Volume II-5/W2
ISPRS Ann. Photogramm. Remote Sens. Spatial Inf. Sci., II-5/W2, 283-288, 2013
https://doi.org/10.5194/isprsannals-II-5-W2-283-2013
© Author(s) 2013. This work is distributed under
the Creative Commons Attribution 3.0 License.
ISPRS Ann. Photogramm. Remote Sens. Spatial Inf. Sci., II-5/W2, 283-288, 2013
https://doi.org/10.5194/isprsannals-II-5-W2-283-2013
© Author(s) 2013. This work is distributed under
the Creative Commons Attribution 3.0 License.

  16 Oct 2013

16 Oct 2013

Markerless point cloud registration with keypoint-based 4-points congruent sets

P. W. Theiler, J. D. Wegner, and K. Schindler P. W. Theiler et al.
  • Institute of Geodesy and Photogrammetry, ETH Zürich, Switzerland

Keywords: Point cloud registration, laser scanning, 3D feature extraction

Abstract. This paper addresses the registration of LiDAR point clouds. More specifically, we present an automatic method for markerless registration of two such point clouds given in arbitrary local scan coordinates – i.e. without simplifying assumptions such as a common up-vector.
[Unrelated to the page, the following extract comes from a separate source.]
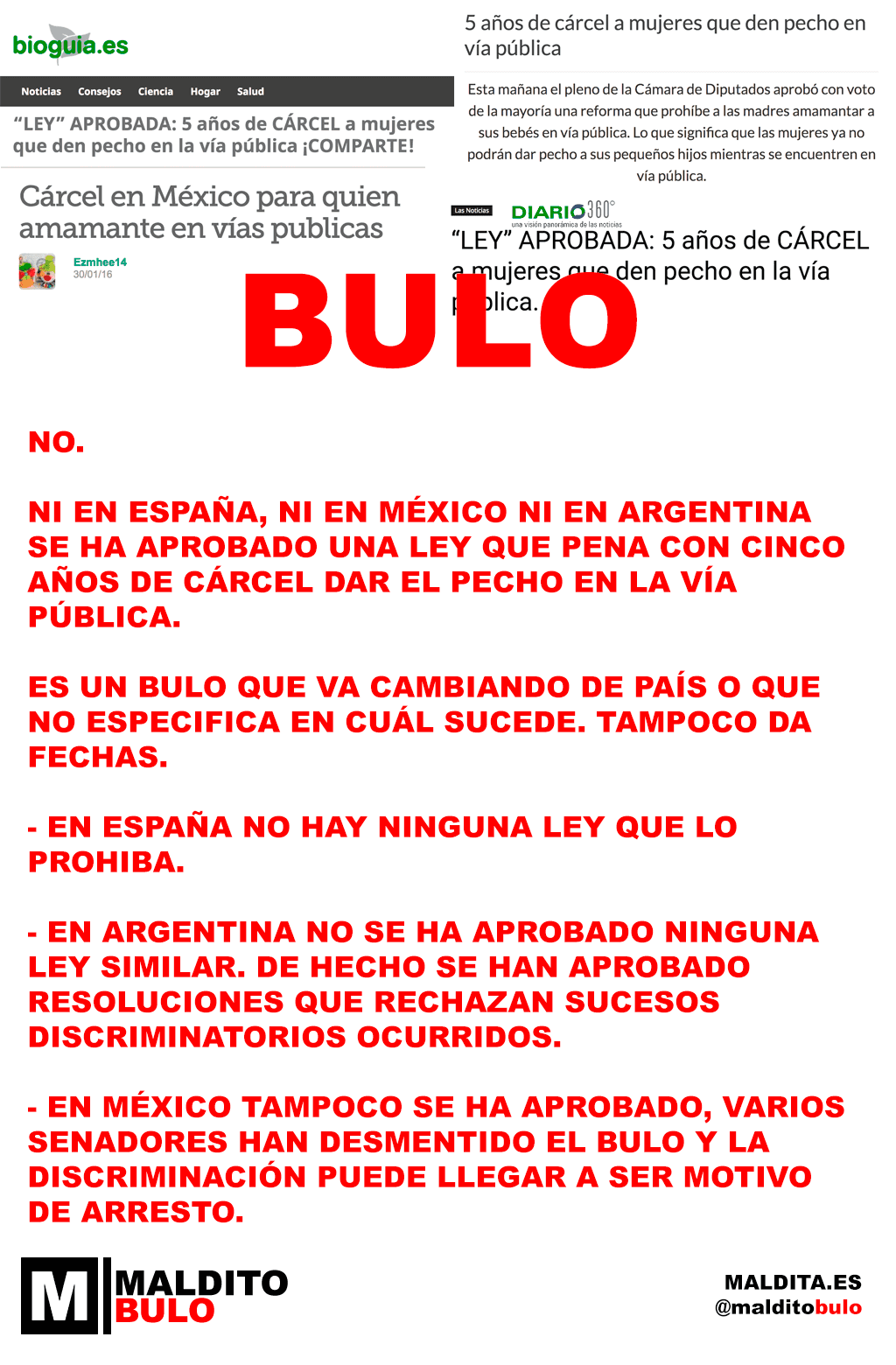 No, dar el pecho en la vía pública no está penado con cinco años de cárcel ni en España, ni en Argentina, ni en México

Clearly, the critical step of the registration is to find a coarse initial alignment, to be refined with established local methods for fine registration, such as ICP or least-squares surface matching. The proposed approach builds on the 4-Points Congruent Sets (4PCS) algorithm (Aiger et al., 2008), a popular registration tool in computer graphics, and extends it to better deal with the specific challenges of LiDAR data. The main limitations of the original 4PCS method in that context are (i) that it does not cope well with strongly varying point densities, such as they routinely occur in laser scans due to the constant angular sampling from different viewpoints; and (ii) that to remain efficient, huge LiDAR point clouds must be down-sampled so heavily that approximate point-to-point correspondence can no longer be guaranteed. To overcome these drawbacks we propose not to apply 4PCS to the original point cloud (respectively, a randomly or regularly subsampled version of it), but rather to represent the point clouds with sets of distinctive 3D keypoints, and run (a slightly modified) 4PCS on the keypoint sets. The resulting combination, termed Keypoint-based 4-Points Congruent Sets (K-4PCS), proves to be very reliable: with suitable parameter settings, tests in indoor as well as outdoor environments yield 100% success rates.